Mail and wire fraud.

AuthorMessier, Flo
PositionFourteenth Survey of White Collar Crime
  1. INTRODUCTION

    To federal prosecutors of white collar crime, the mail fraud statute is our Stradivarius, our Colt 45, our Louisville Slugger, our Cuisinart--and our true love. We may flirt with RICO, show off with 10b-5, and call the conspiracy law `darling,' but we always come home to the virtues of 18 U.S.C. [sections] 1341, with its simplicity, adaptability, and comfortable familiarity. It understands us and, like many a foolish spouse, we like to think we understand it.(1)

    As the above statement by a former federal prosecutor indicates, the mail(2) and wire(3) fraud statutes have always been used as a powerful prosecutorial tool. The purpose of these two statutes is to prevent the use of the mails or wires(4) in the furtherance of fraudulent activity.
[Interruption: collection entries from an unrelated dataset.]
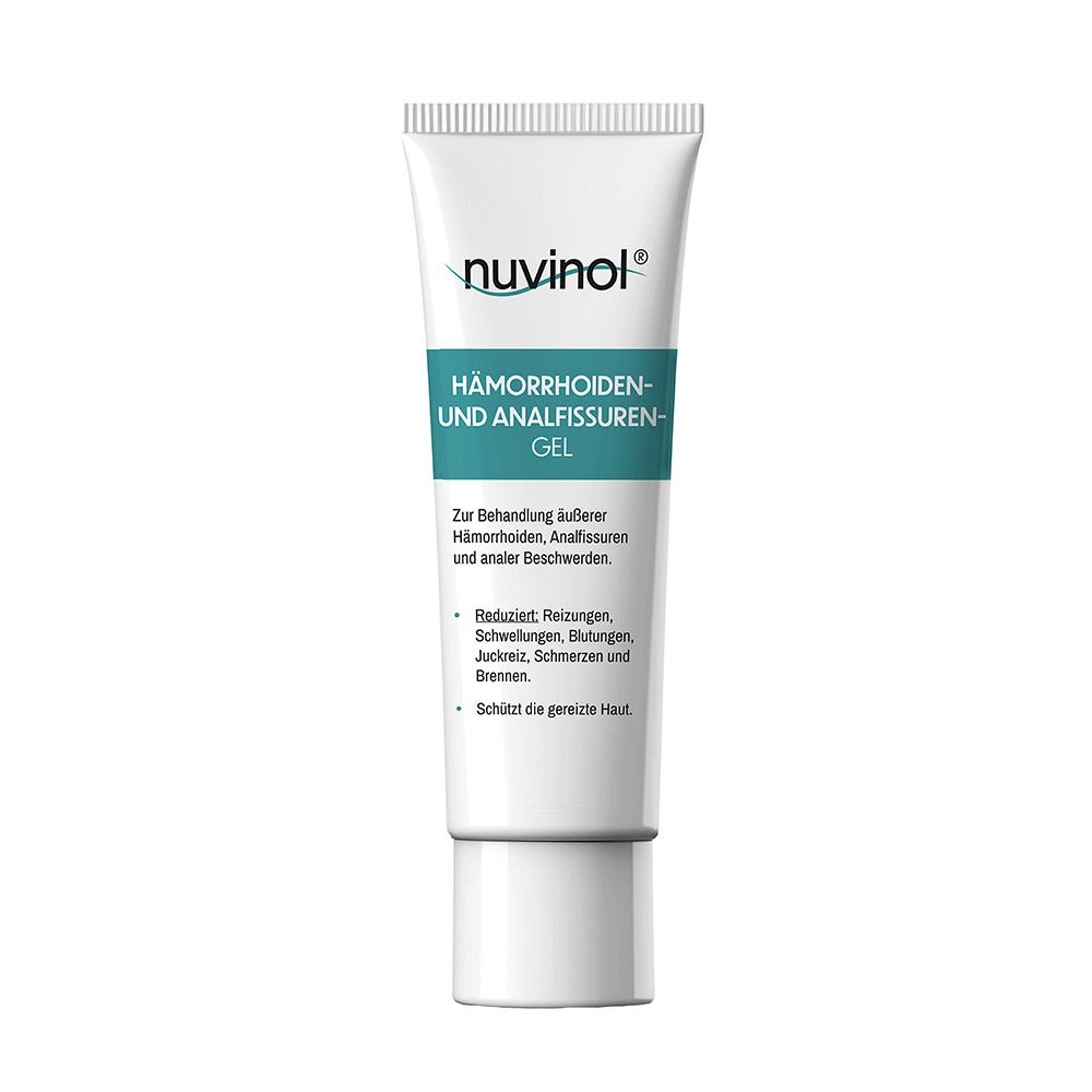nuvinol® Hämorrhoiden- und Analfissuren-Gel ist ein EU-zertifiziertes Medizinprodukt zur Behandlung äußerer Hämorrhoiden und Analfissuren. Das Gel lindert zuverlässig anale Beschwerden wie Juckreiz, Brennen, Schwellungen, Schmerzen, Reizungen und Blutungen.
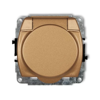 TREND Gniazdo bryzgoszczelne z/u SCHUKO (klapka dymna) złoty metalik 8GPB-1sdp
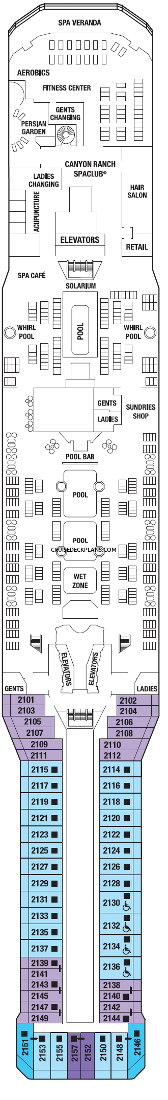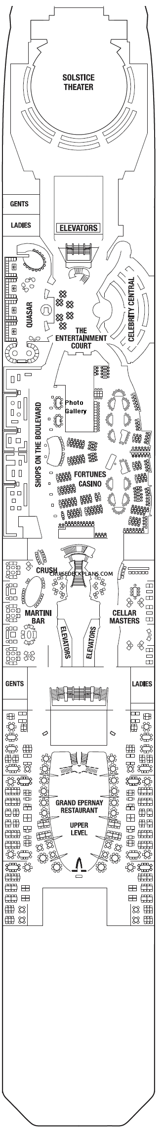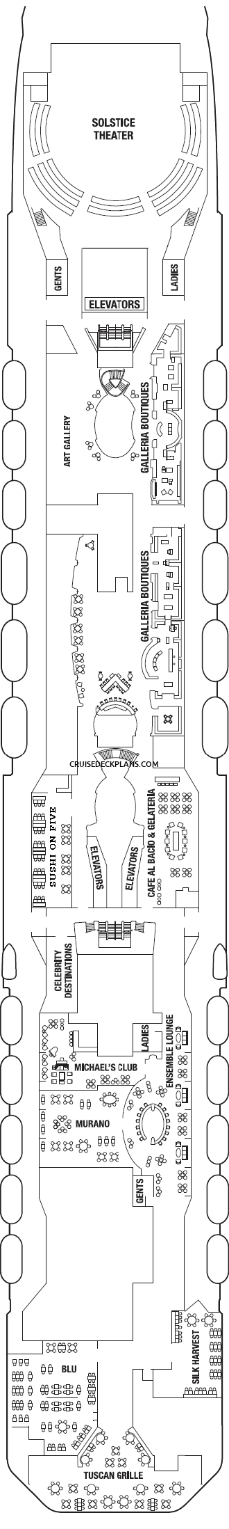 Le Celebrity Solstice a été le premier navire de sa catégorie et continue d'être l'un des navires les plus innovants de la flotte. Les équipements des cabines sont l'image même du luxe moderne avec des peignoirs gratuits, une télévision interactive à écran plat, un service de maquillage et de préparation à la nuit quotidien, une literie Celebrity eXhale, un coffre-fort privé, un minibar privé, des produits de bain personnalisés et un service d'étage 24h/24. Huit cabines sur dix offrent également une vue depuis le balcon pour le plus grand plaisir des passagers. Les divertissements ne manquent pas à bord du navire, du spectacle innovant Hot Glass Show aux spectacles dans le salon. Le large éventail de restaurants et de cafés élèvera votre palette à un tout autre niveau. Les cabines AquaClass raviront les amateurs de spa : ces cabines offrent un accès illimité à un restaurant privé et au Spa pour une expérience de bien-être ultime. Quelles que soient vos envies, il y a quelque chose pour vous sur le Solstice.
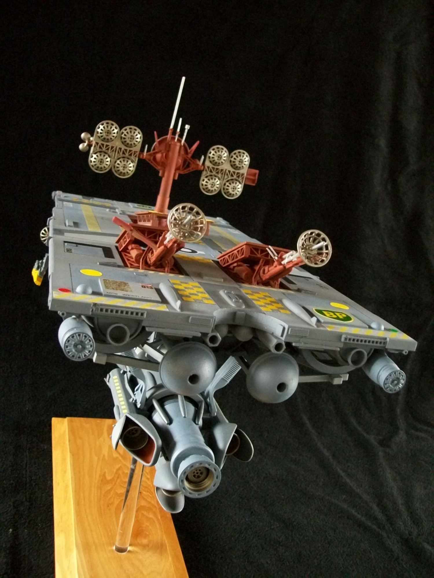 I needed a back story to the model. I thought maybe another Galactica ship, or slap a Weyland-Yutani logo on it and make it part of the Alien universe. Eventually I decided on making it part of my fake TV series “Space: 2019” (see previous post), as the guest model in the SE01-EP13 “Collision Course”. The HMCSS (Her Majesty’s Commercial Space Ship) Gibraltar, owned by the British Petroleum Corporation, is out surveying the solar system for asteroids and other possible resources for mining. The ship discovers a large rogue asteroid which will impact Earth with devasting results. The remainder of the episode is trying to stop it…. For more info feel free to visit The Breakers Yard.
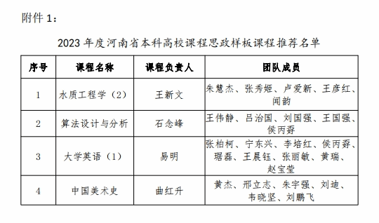 根据《河南省教育厅关于开展本科高校课程思政项目建设的通知》(教办高[2023]350号)文件要求,经个人申报、院部推荐、专家评审等环节,决定推荐“水质工程学(2)”等4门课程申报2023年度河南省本科高校课程思政样板课程,推荐“基础化学课程群课程思政特
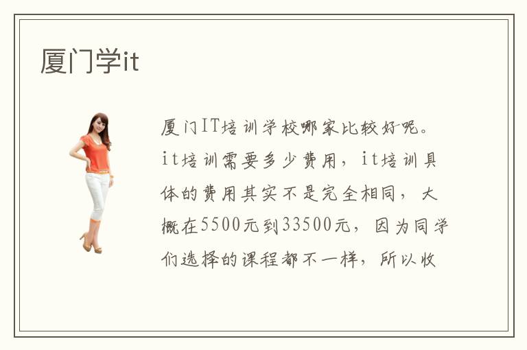 厦门IT培训学校哪家比较好呢。it培训需要多少费用,it培训具体的费用其实不是完全相同,大概在5500元到33500元,因为同学们选择的课程都不一样,所以收费会有波动。厦门IT培训学校在科技水平发展的同时也在不断地完善自己的教学水平和教育模式,努力跟进时代,紧密切合互联网时代的要求,在培养人才方面也是极度用心,为学生的学习分配不同的教学方案,这样既具有针对性,又能够放大学习效率。厦门达内IT培训学校作为厦门市十大最靠谱的专业计算机培训学校之一,在厦门市民的心目中有着不可替代的重要地位,也顺利成为了厦门市民在选择靠谱计算机培训学校学习时的首选平台。厦门IT培训学校主意的是一对一、点对点的讲授形式,如许的讲授形式可以使得教员更清晰学生们的学习进度,从而拟定最合适他们的专业学习课程,也就挑高了学习效力。
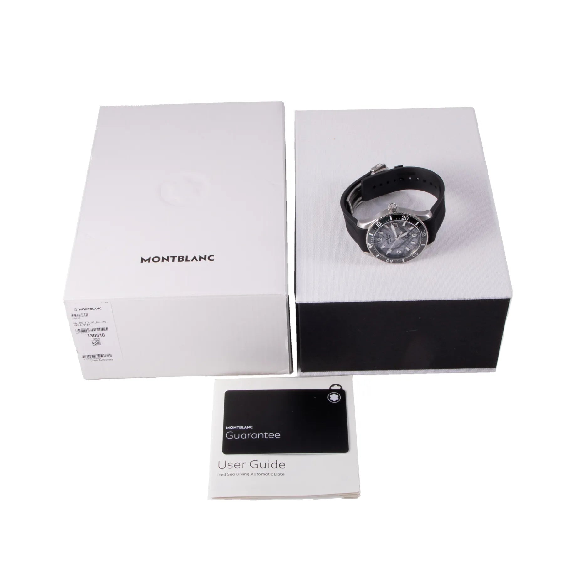 This Montblanc 1858 Iced Sea 41mm, steel case, grey dial, ceramic bezel and black rubber strap in an unworn condition. Mechanised by Montblanc calibre MB 24.17 automatic movement. Includes box, undated sales warranty card and 2 years Timepiece360 warranty.
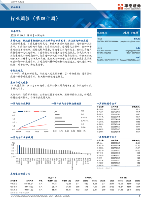 【华泰证券】【20211011】20211011-华泰证券-农林牧渔行业周报(第四十周)-18页
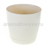 Кашпо для цветов пластиковое 1,8 л 15*15 см с поддоном слоновая кость Крокус (07059) (Ар-Пласт) 135091
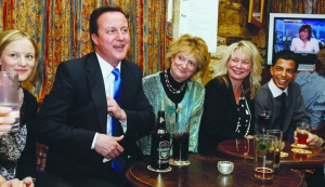 据英国媒体7日公布的大选最新计票结果显示,主要政党无一赢得多数议席,从而出现1974年以来首个“无多数议会”,保守党成为英国议会下院的最大政党。图为保守党领导人卡梅伦在惠特尼与支持者庆祝。
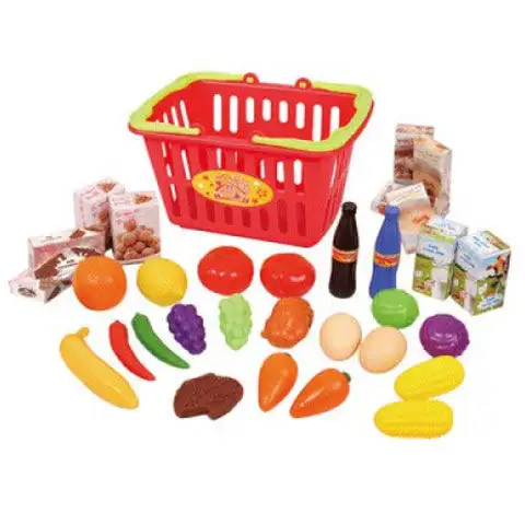 Vaše dítě může nyní otevřít vlastní malý supermarket nebo trh ve svém pokoji s pomocí potravinové sady. Sada obsahuje také odolný nákupní košík, do kterého může dítě umístit zakoupené produkty, čímž se hra stává úplnou. Různé zeleniny, ovoce, balené potraviny a nápoje byly navrženy tak, aby co nejvíce připomínaly skutečné, čímž dětem přinášejí velkou radost.
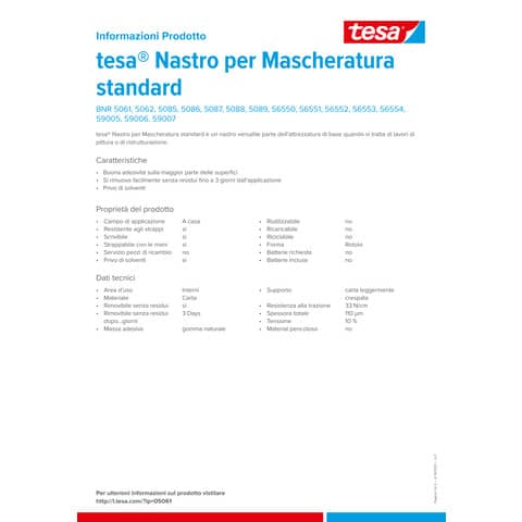 Tesa® Nastro per Mascheratura Standard è un nastro versatile che dovrebbe far parte dell'attrezzatura di base quando si tratta di lavori di pittura o di ristrutturazione. È fatto di carta per un facile smaltimento. Ha una buona adesività sulla maggior parte delle superfici e può essere rimosso facilmente senza residui. La rimozione senza residui entro due giorni dall'applicazione è garantita. Misura 38 mm x 50 m. Colore beige.
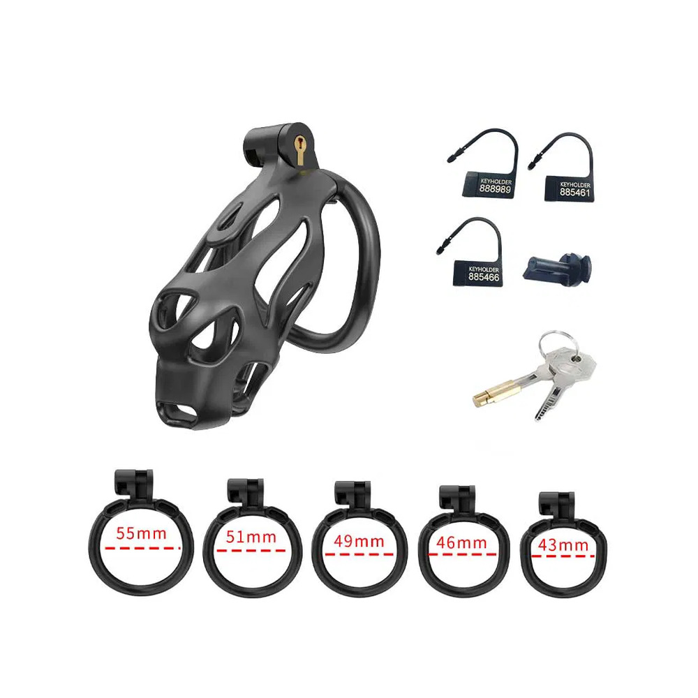 The opening at the front of each P-Cage allows the wearer to urinate without removing the cage. This penis cage set includes 5 rings in different sizes, ranging between 43 – 55 mm. In addition, it includes 1 copper built-in lock and 3 plastic numbered padlocks.
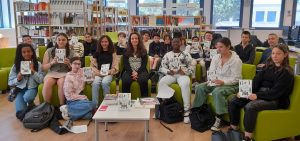 Le jeudi 13 avril 2023, dans le cadre du dispositif Lecture pour tous de la ville de Nice, les élèves de 5°6 et les 5ème4 ont rencontré une autrice de littérature jeunesse, Anne-Gaëlle BALPE. Ils avaient auparavant travaillé sur son roman « Comment je vais devenir écrivain, si tout va bien ».
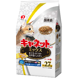 ■国産第一号のドライキャットフードとしてロングセラーを誇るシリーズ。 ■猫の健康維持に必要な栄養素をバランスよく配合。 ■食べやすい粒サイズとサクサクとした食感。 ■“まぐろ、かつお、舌平目、しらす”の4つのお魚の旨みたっぷり! ■キャネットの大定番ミックス。 ペットライン キャネットチップ ミックス 2.7kg 商品コード: 4902418518022 957円(税込) 数量 カートに入れる お気に入りに追加 【原材料】穀類(とうもろこし、菓子粉、コーングルテンミール、等)、肉類(ミートミール、チキンミール、チキンレバーパウダー、等)、豆類(おから、脱脂大豆、等)、魚介類(フィッシュミール:DHA・EPA源、フィッシュエキス、まぐろエキス、かつおエキス、舌平目エキス、しらすエキス、等)、油脂類(動物性油脂 、ガンマ-リノレン酸、等)、ビール酵母、卵類(ヨード卵粉末)、ビタミン類(A、D3、E、K3、B1、B2、パントテン酸、ナイアシン、B6、葉酸、ビオチン、B12、コリン、イノシトール)、ミネラル類(カルシウム、リン、ナトリウム、カリウム、塩素、鉄、コバルト、銅、マンガン、亜鉛、ヨウ素)、アミノ酸類(メチオニン、タウリン)、着色料(赤102)、酸化防止剤(ローズマリー抽出物、ミックストコフェロール) 【成分】たんぱく質27.0%以上、脂質9.0%以上、粗繊維4.5%以下、粗灰分9.0%以下、水分10.0%以下 【エネルギー】約350kcal(100g当たり)

Although the two statutes were separately codified, the courts have generally considered the two statutes in conjunction with one another.

    The two statutes have been widely used to "cover not only the full range of consumer frauds, stock frauds, land frauds, bank frauds, insurance frauds, and commodity frauds, but [also]... such areas as blackmail, counterfeiting, election fraud, and bribery."(5) Prosecutors have also used these statutes to prosecute money laundering and Racketeer Influenced and Corrupt Organizations Act ("RICO") violations.(6) A violation of [sections] 1341 or [sections] 1343 can provide the unlawful act necessary to establish a RICO(7) or money laundering violation.(8) Once a mail fraud or wire fraud offense has been proven, then both the RICO and the money laundering statutes allow for more severe penalties.(9)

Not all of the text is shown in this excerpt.